The movie Roll Bounce is set in the 1970s and starts off with people skating while a deejay speaks into the mic. That time in my life was an era of innocence and when we as black people had a firm moral compass. As the deejay in the movie began to spew profanity above the sound of the music, there was a shot of a woman and her two kids skating at the rink. As I watched the juxtaposition of profanity and family, I shuddered. It was such a small scene, and yet the message it sent was powerful – that even in the 1970s, black people accepted any kind of language around kids. And that is far from the truth.

What caught my attention next was the almost obligatory “slave ancestor” joke. Why do black moviemakers find a need to denigrate our history as par for the course? Who doesn’t recall the movie Barbershop and the controversy over the Rosa Parks remark? How often in everyday life do our young people even refer to the past beyond “yesterday?”

Now the movie wasn’t all negative. There’s a scene where the father and son have a major disagreement and the father keeps his cool. The father is a wise man who never curses at his son, and in the midst of their major conflict, he calls him “Son” at every opportunity. Those scenes were the perfect teaching tool for parents to learn how to handle conflict with a firm, yet loving hand.
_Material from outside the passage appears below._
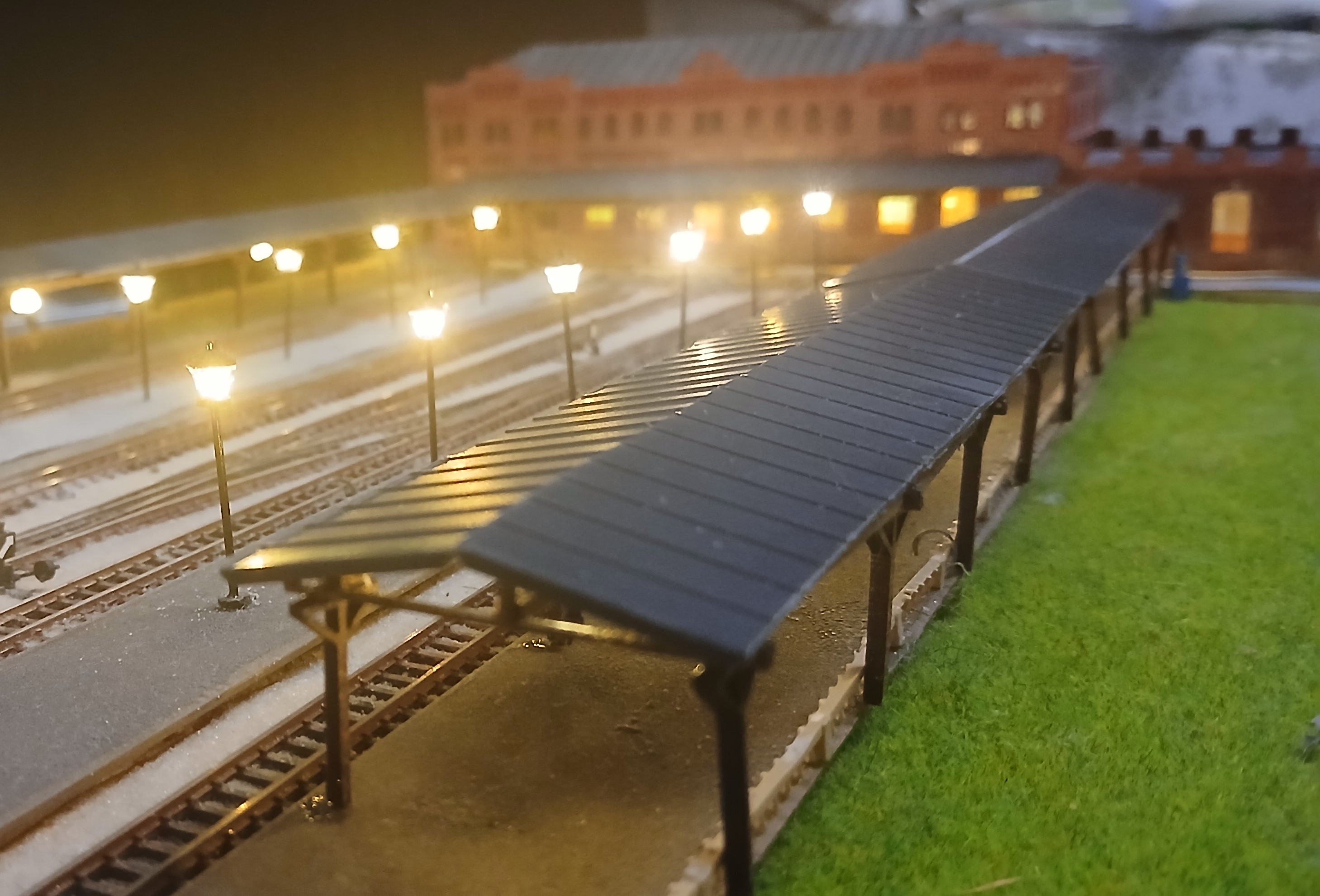 Старый вокзал в центре Таганрога - уникальное здание с многогранной полуторавековой историей. За прошедшие годы окружающее пространство изменилось до неузнаваемости. Неизменным осталось лишь само здание. Уже имея в свое арсенале постоенный макет этой станции, отражающий более-менее современную эпоху (начало 80-х годов), возникло желание обратиться к временам более ранним, тем более, что тогда станция была оборудована ажурным П-образным деревянным навесом, закрывающим от непогоды две бокоовые пассажирские платформы, а также водоемное здание, выполненное в готическом стиле не было перестроено. Ввиду ограниченности свободного пространства обратился к уже освоенному типоразмеру Z, масштаб уменьшения 1:220. Здание сделано из картона и бумаги. Деревянный навес из аутентичного материала. Детали были изготовлены методом лазерной резки. Фонари на платформе от фирмы "Sunshine model" Китай, декор самодельный при помощи матералов, купленных в магазинах сети "Леонардо". Для основы макета взят лист жесткого пенополистирола толщиной 12 мм. и размером 100х40 см. Такой формат вполне позволяет разместить макет на отдельной настенной застекленной полке. Путевая схема отражает развите станции по состоянию на начало ХХ века. Один из этапов процесса посторойки изображен на фото выше. Далее приведены фото готового макета с подвижным составом I-й эпохи. Использованы серийно выпускаемые модели фирмы "Marklin". Имитации водоразборных колонок полностью созданы с нуля. Линейно-путевое здание и водоемное здание выполнены из плотной бумаги. Управление макетом бепроводное на основе разарботанной мною системы, с которой можно подродно ознакомиться здесь: Система беспроводного управления аналоговыми макетами

By the time I finished, I understood why the movie didn’t accomplish what it could have. The filmmaker showed black culture but never captured the subtle essence of it. The filmmaker failed to create an entire movie filled with scenes that black people could identify with. The subject of roller skating is one that could benefit from a second attempt by a moviemaker who can do a better job than did the one who made Roll Bounce.